Exercise goal. Can the lines below, from the one that holds "Kaunis metallinen lintuhäkki. Koko 8 x 5 cm." to the very end, be echoed exactly, with both ends included and no pictures?
**** Data
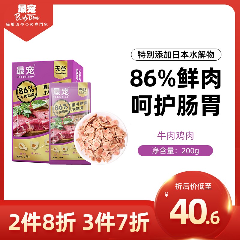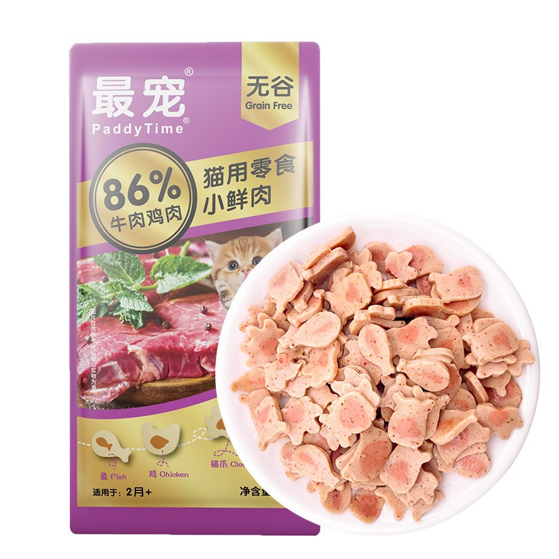 澳洲品牌 最宠(Paddy time)猫零食小鲜肉饼干 猫草薄荷去毛球泌尿健康拌粮湿粮包小鱼肉饼干宠 牛肉鸡肉200g
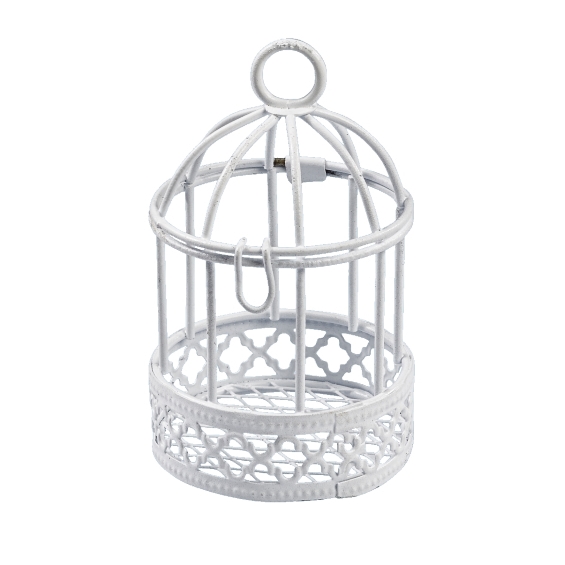 Kaunis metallinen lintuhäkki. Koko 8 x 5 cm.
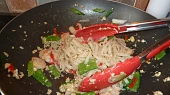 "Pad Thai" nebo opékané rýžové nudle s krevetami a zeleninou
********
Exercise output.
 Kaunis metallinen lintuhäkki. Koko 8 x 5 cm.
 "Pad Thai" nebo opékané rýžové nudle s krevetami a zeleninou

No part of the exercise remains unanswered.